ただ新鮮な豚竜の肉を、極限まで薄くスライスしたものだ。
しかし、その完成度は凄まじかった。ほんのりとした桃色の身は、ギンカの美麗なる技術によって、一分一厘の狂いもない均一な厚さに揃えられている。さらに皿の中央には、薄切り肉を繊細に重ね合わせて作られた「肉の薔薇」が美しく咲き誇っていた。
「……あの、ギンカ。気持ちはすごく嬉しいし綺麗なんだけど、大丈夫なのか? 豚を生で食べるなんて」
「料理とは知恵ですわ、お兄様。『豚竜』の肉には寄生虫や細菌が存在しない、という説がありますの。……まぁ、念のために極低温で凍らせて、表面処理を施したので問題はないはずですわ。たぶん」
「……あんたって、料理に自分の体液とか入れるタイプだと思ってた」
「入れるか! ですわ!」
騒ぐ二人を余所に、流星の勇者はなんの躊躇いもなく、一切れのピンク色の肉を口に含んだ。その潔さは、最強ゆえの自信なのか、ただの食いしん坊なのか。
僕とカレンも、意を決してそれに続いた。
「ふむ、これは――……」
「うまーい!」
口に入れた瞬間、ひんやりとした心地よい冷感と共に、上品な肉の甘味がじゅわりと溢れ出してきた。まったく臭みがない。

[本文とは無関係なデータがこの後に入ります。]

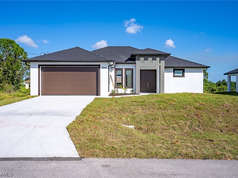 As you step inside, you'll notice the elegant touches that define this property. The kitchen is a true focal point, featuring exquisite quartz countertops that provide both, beauty and durability. The sleek stainless steel appliances not only enhance the kitchen's aesthetics but also offer modern conveniences for cooking and entertaining. The interior design incorporates a touch of wood accents throughout, adding warmth and character to the living spaces. These wooden elements create a harmonious balance with the contemporary finishes, giving the home a unique and inviting atmosphere. One of the standout features of this property is the abundance of natural light, thanks to strategically placed windows and thoughtful design. This ensures a bright and welcoming ambiance in every room. Additionally, ceiling fans have been thoughtfully installed to enhance comfort and energy efficiency. The layout is functional and spacious, with three well-appointed bedrooms. The den adds versatility, serving as a home office or guest room. The home location in the SW of Lehigh Acres provides convenient access to local amenities, schools, and parks, making it a wonderful place to call home.

「確かに、極上の脂がダイレクトに伝わってくる。口当たり良くて臭みもない……でも、調子に乗ってバクバク食べるのは、やっぱりちょっと怖いかも」
「六十点。確かに見た目に美しく、素材の味も良い。だが、余はやはり火を通してある方が好みだ。それに、一度完全に冷却してしまっている分、肉が持つ本来の鮮度が落ちてしまっている」
「……お前の好みなんて知るか、ですわ」
「でもいるよね、謎にレアを信仰して『生が一番』とか言うタイプ」
好みの問題はあれど、こちらも味は一級品だ。結局、僕たちは残ったお刺身を、沸騰させたお湯にさっと潜らせて、極上の「しゃぶしゃぶ」にして綺麗に完食した。
「さて……最後は、僕の番だね」
最後に僕が自信満々に差し出したのは、厚みも形も不揃いな、ただの肉の切り身だった。
「お兄、料理が下手くそなのは知ってるけど、ただ切っただけのものを料理と呼ぶのは無理でしょ」
「厚さもバラバラ、切り口もガタガタ。本当にただ切り分けただけですわね……」
カレンとギンカの容赦ない言葉が突き刺さる。
だが、唯一「史上最強」だけは、その瞳に微かな好奇心を宿していた。
「……いや、違うな。この謎の塩っぽい粉と、タレのような液体。其方の料理は『これから』であろう?」
「その通り。さぁ、始めよう!」
僕はあらかじめカレンの残り火でカンカンに熱しておいた、平たくて清潔な岩をテーブル代わりに中央へ置いた。
じゅううう、と岩の熱気が空気を揺らす。